Exercise
Beginning with the line that contains "3.不銹鋼蒸汽發(fā)生器", print each line to the end of the data exactly. Omit the pictures.

Listed records
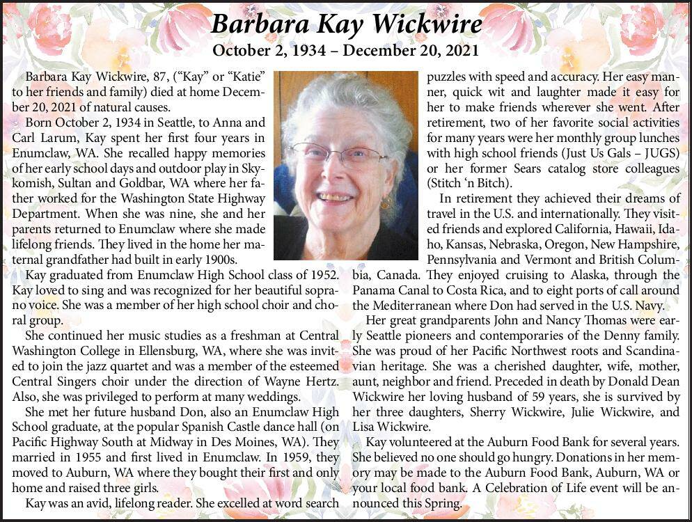 Barbara Kay Wickwire, 87, (“Kay” or “Katie” to her friends and family) died at home December 20, 2021 of natural causes.
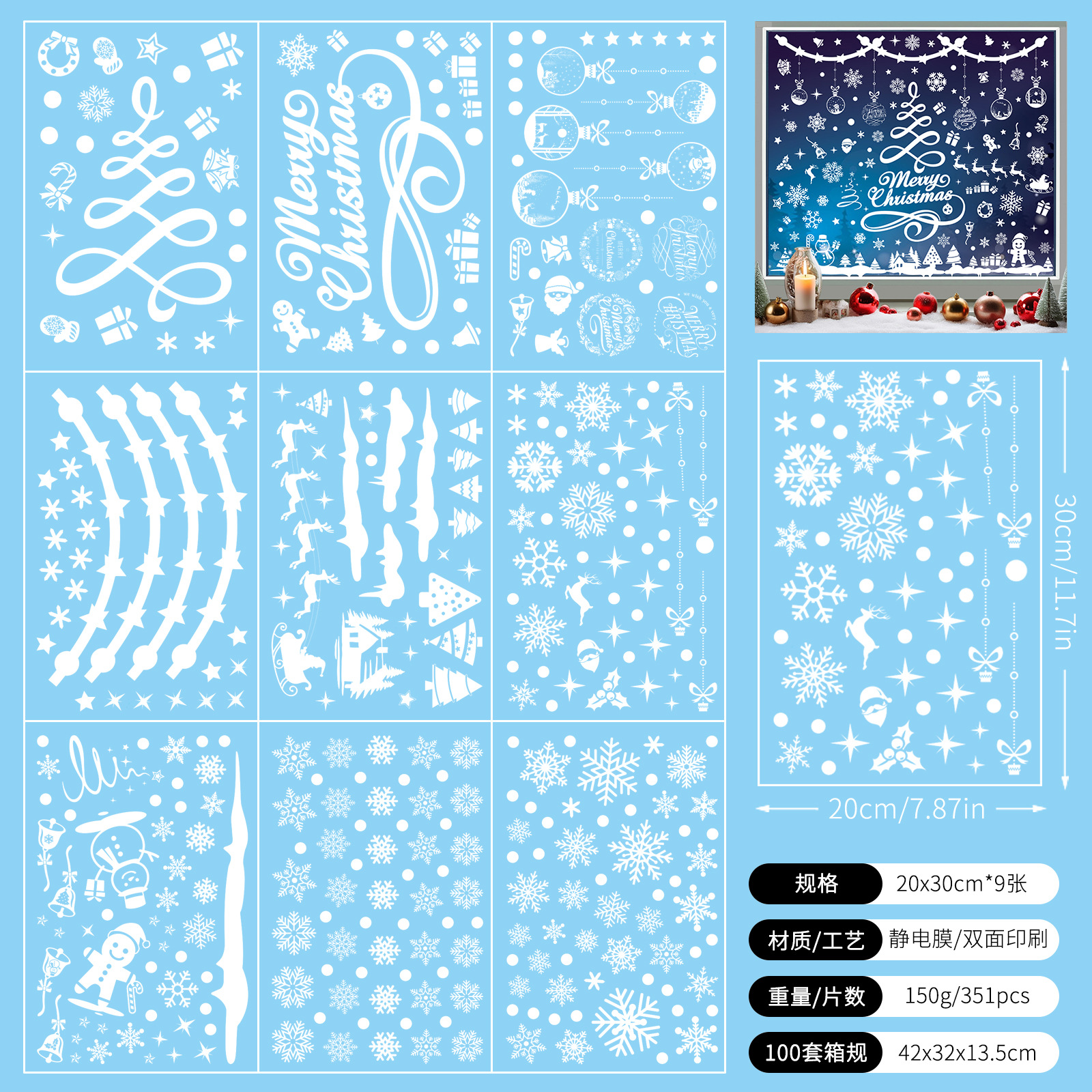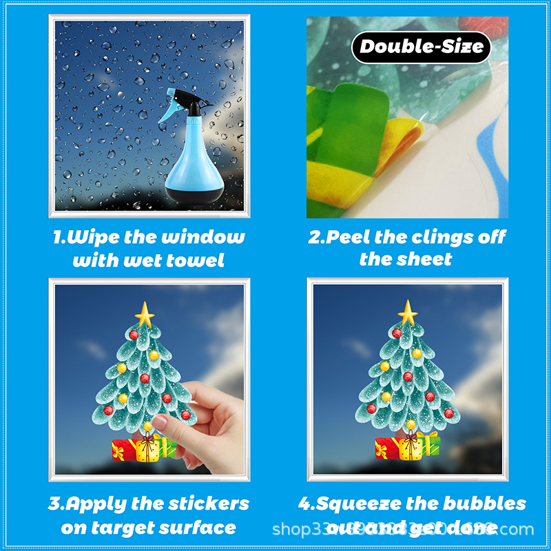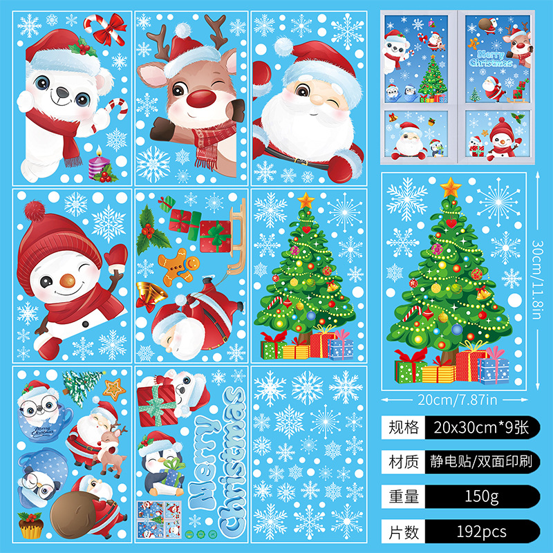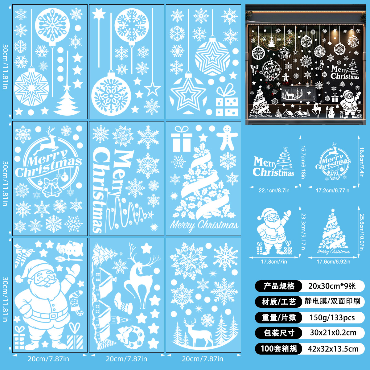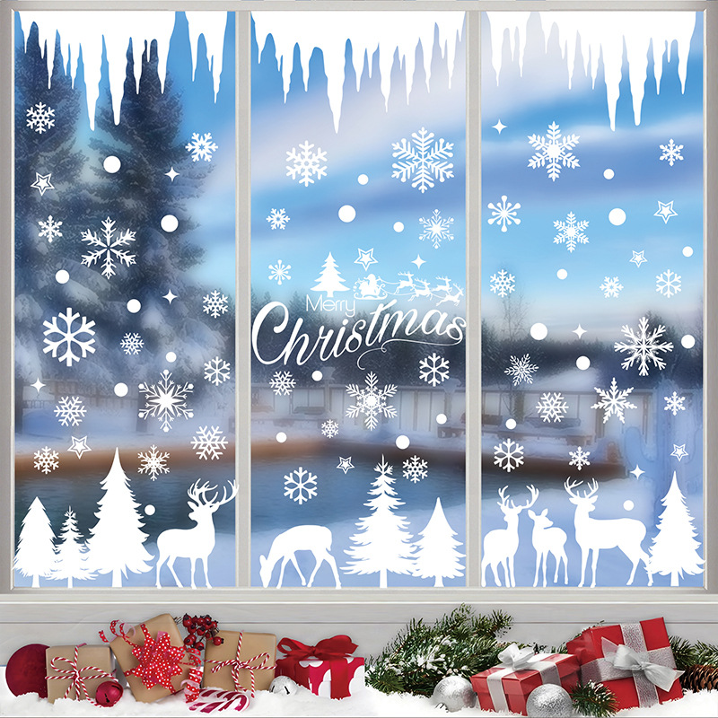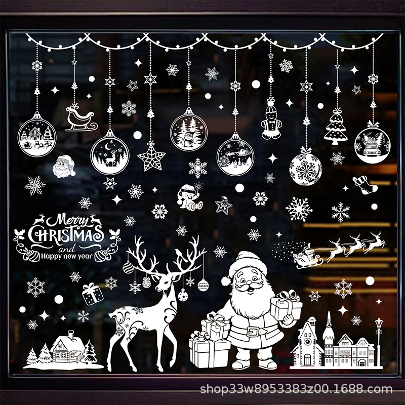跨境圣诞装饰品静电窗贴圣诞节商场橱窗装饰圣诞树侏儒人雪花贴纸
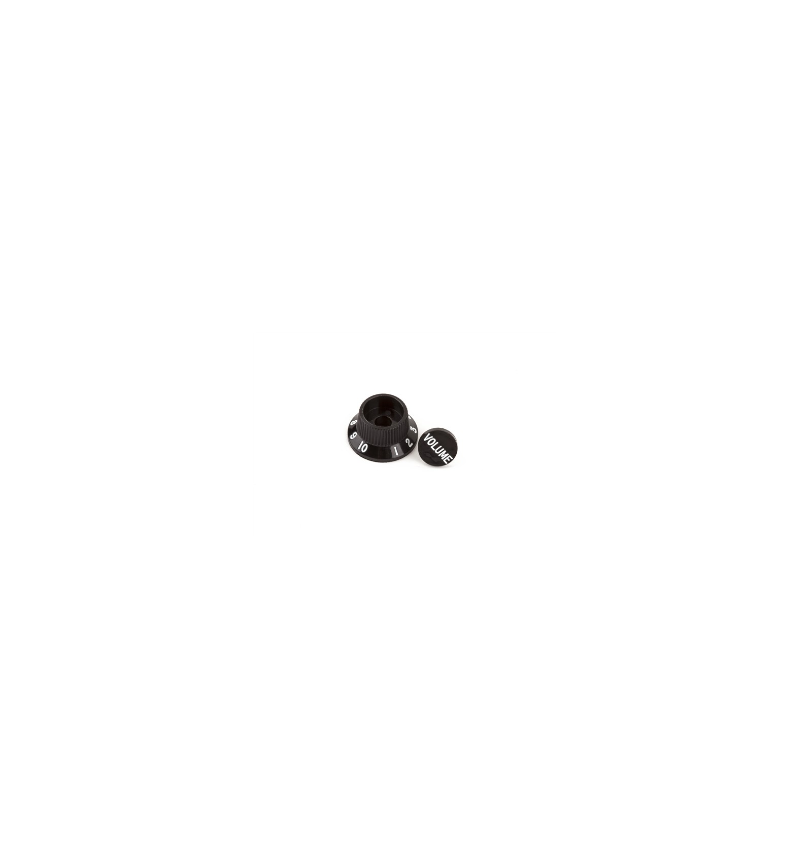 Black plastic push-on knob and button cap for use with S-1™ switch, which can be retrofitted to nearly any U.S.- and Mexico-made Stratocaster manufactured from 1954-present. Fits 1/4" split shaft controls.
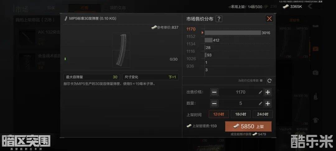 其中每个栏位最多只能寄售1把枪械,子弹的寄售上限则是90发(注意子弹有最低上架数量要求),除此之外的消耗品、武器配件、防具装备等都可以最多5件一起寄售。
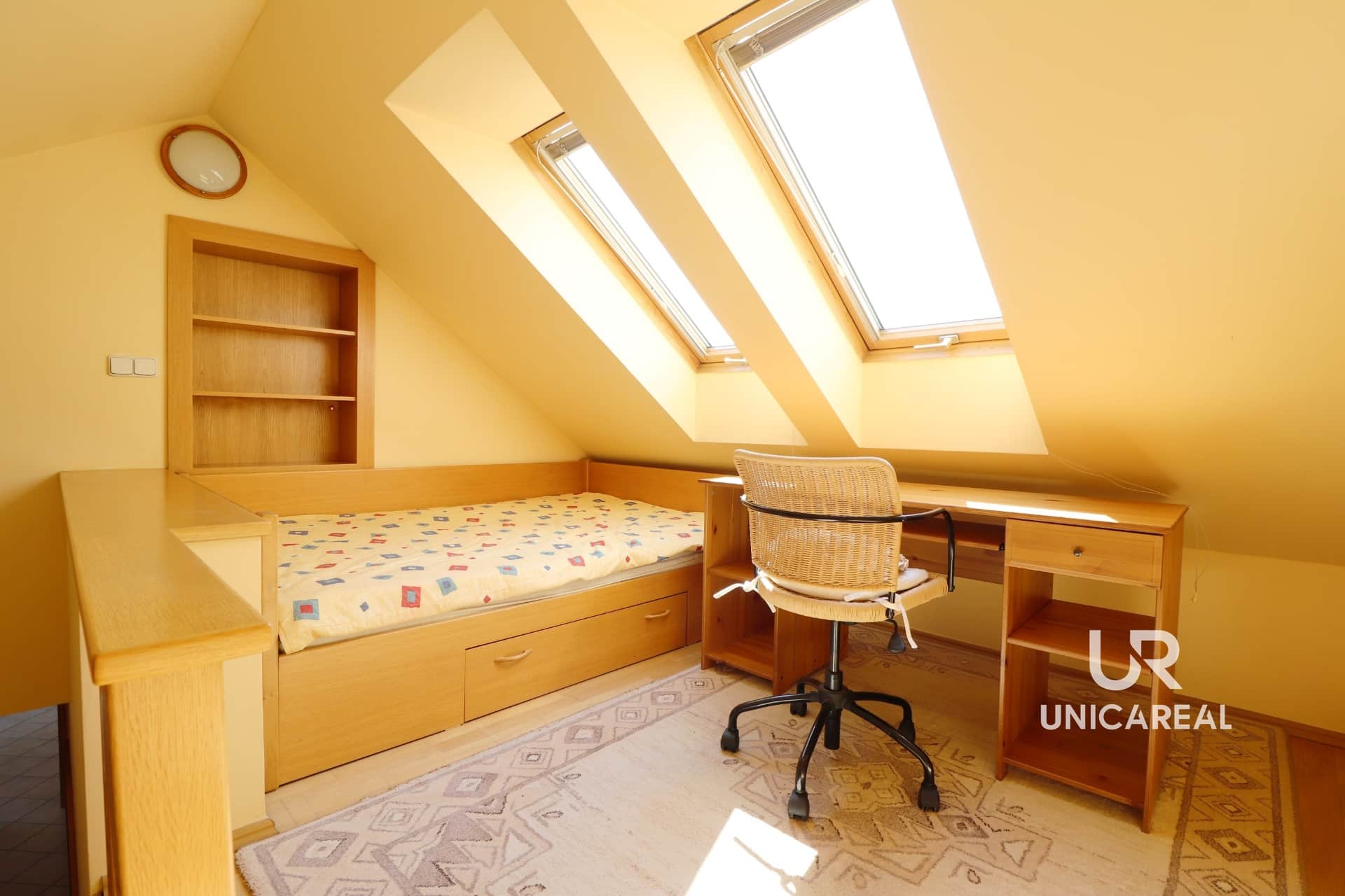 V části nad kuchyní se nachází otevřená místnost s lůžkem , který je vhodný pro případnou návštěvu, popřípadě lze místnost využít jako pracovnu. Celý byt je klimatizován.
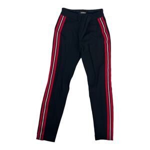 Express Women’s Black Red Racing Stripe Skinny Mid Rise Stretch Pants Size 2R
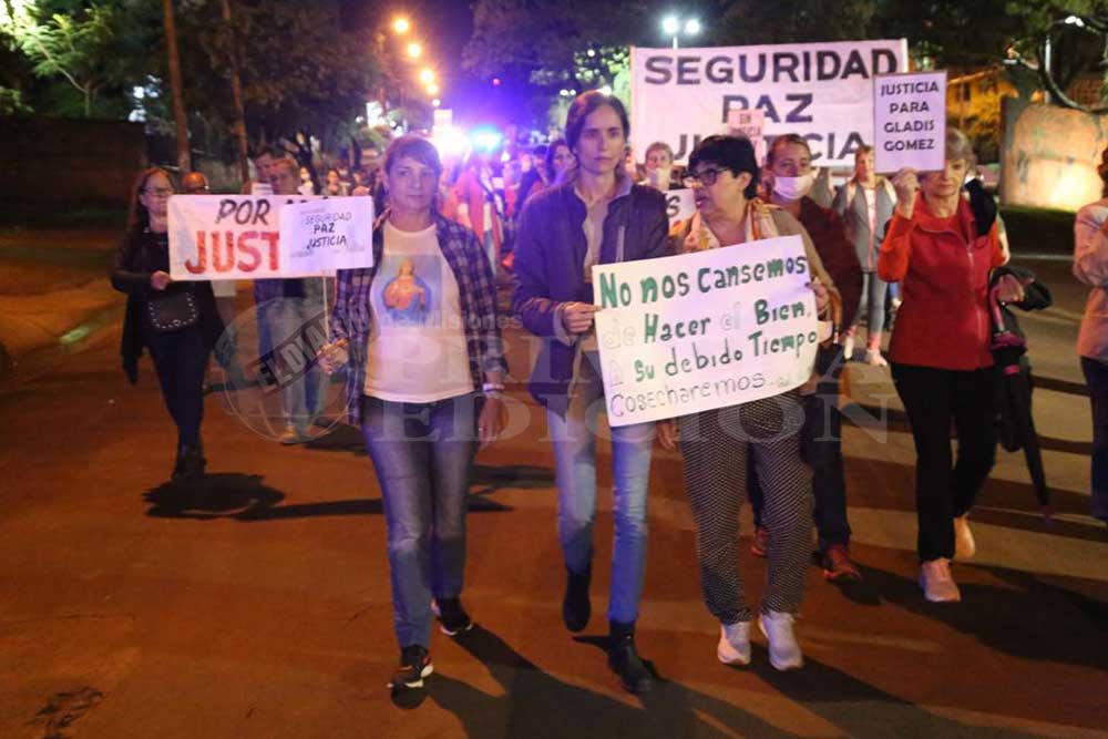 Unas 300 personas participaron ayer de la marcha en pedido de seguridad, paz y justicia que convocaron los comerciantes tras la muerte de Gladis Gómez (39), la mujer asesinada el mes pasado en un intento de asalto en el negocio donde trabajaba.
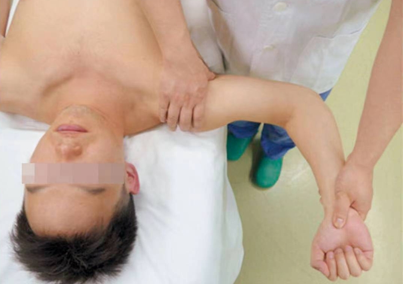 患者仰卧位,双上肢前屈上举置于检查床上。检查者站在患侧,用手压住患侧肘关节以远的前臂部位,使患者下压患肢而检查者给予对抗阻力。如果可以引出位于肩关节深方或后方的疼痛且同样动作健侧无痛,则结果为阳性(图18)。
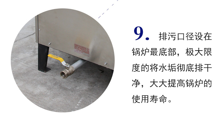3.不銹鋼蒸汽發(fā)生器的所有內(nèi)部管路和控制系統(tǒng)在出廠前就已連接完畢。一步到位的傻瓜控制系統(tǒng),您只要按一個按鈕,鍋爐即可進(jìn)行全自動運行狀態(tài),極大的方便了您的使用!
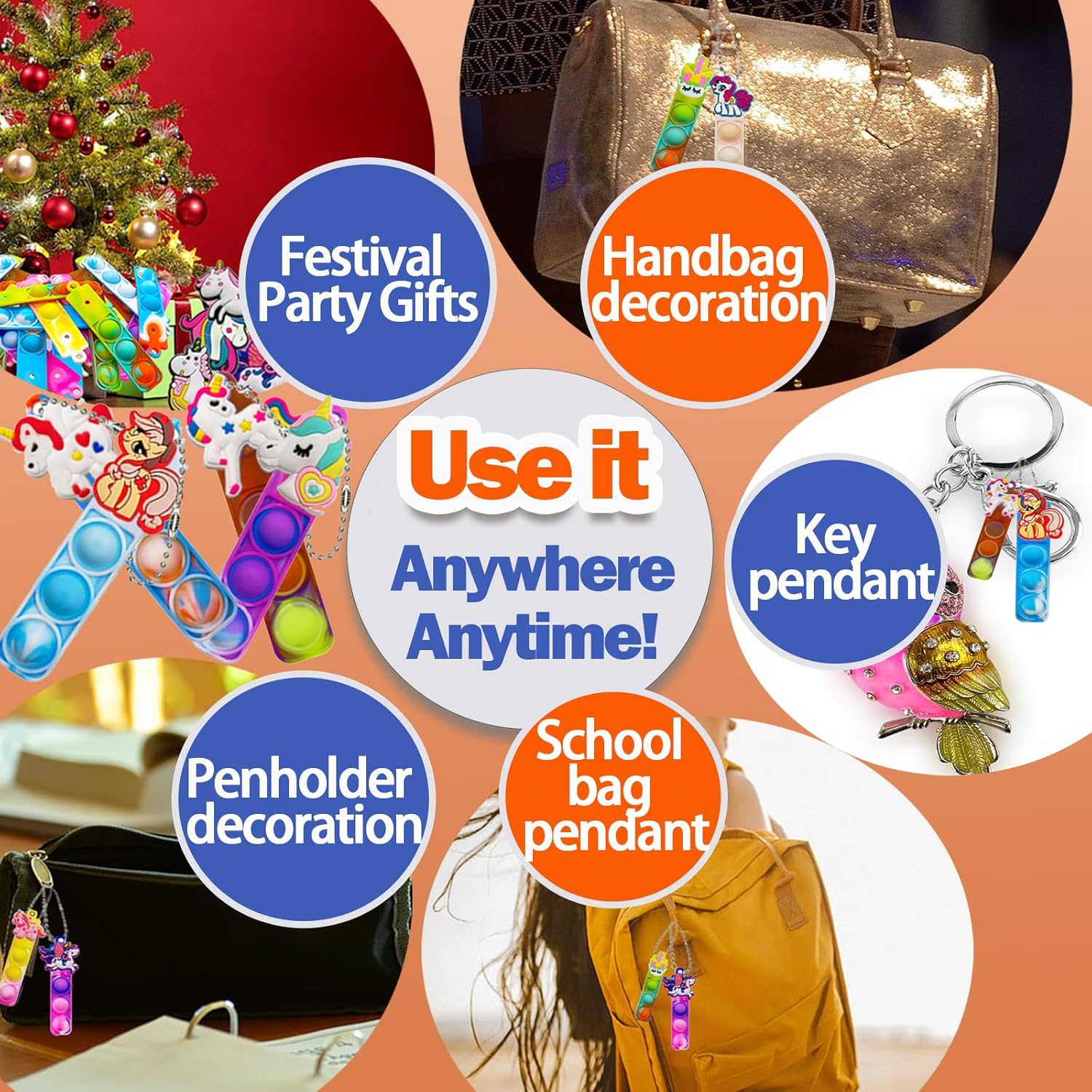 - Easy to carry: Our push pop fidget toys are small and cute, and can be used as decorations hanging on school bags, keys, pencil cases, handbags, etc. . You can relieve anxiety by stretching, rotating and squeezing bubbles anytime and anywhere when you feel stressed. Suitable for children and adults
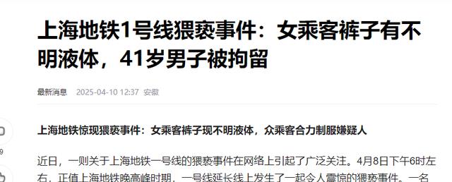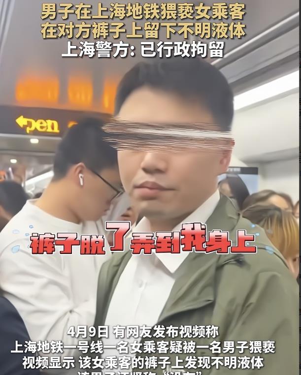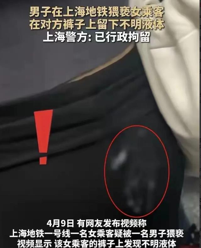 4月9日,上海有网友发视频爆料,称一号线上的一名女乘客疑似受到了同车男乘客的猥亵,甚至还在女乘客的裤子上留下了不明液体。

Written answer
3.不銹鋼蒸汽發(fā)生器的所有內(nèi)部管路和控制系統(tǒng)在出廠前就已連接完畢。一步到位的傻瓜控制系統(tǒng),您只要按一個按鈕,鍋爐即可進(jìn)行全自動運行狀態(tài),極大的方便了您的使用!
 - Easy to carry: Our push pop fidget toys are small and cute, and can be used as decorations hanging on school bags, keys, pencil cases, handbags, etc. . You can relieve anxiety by stretching, rotating and squeezing bubbles anytime and anywhere when you feel stressed. Suitable for children and adults
 4月9日,上海有网友发视频爆料,称一号线上的一名女乘客疑似受到了同车男乘客的猥亵,甚至还在女乘客的裤子上留下了不明液体。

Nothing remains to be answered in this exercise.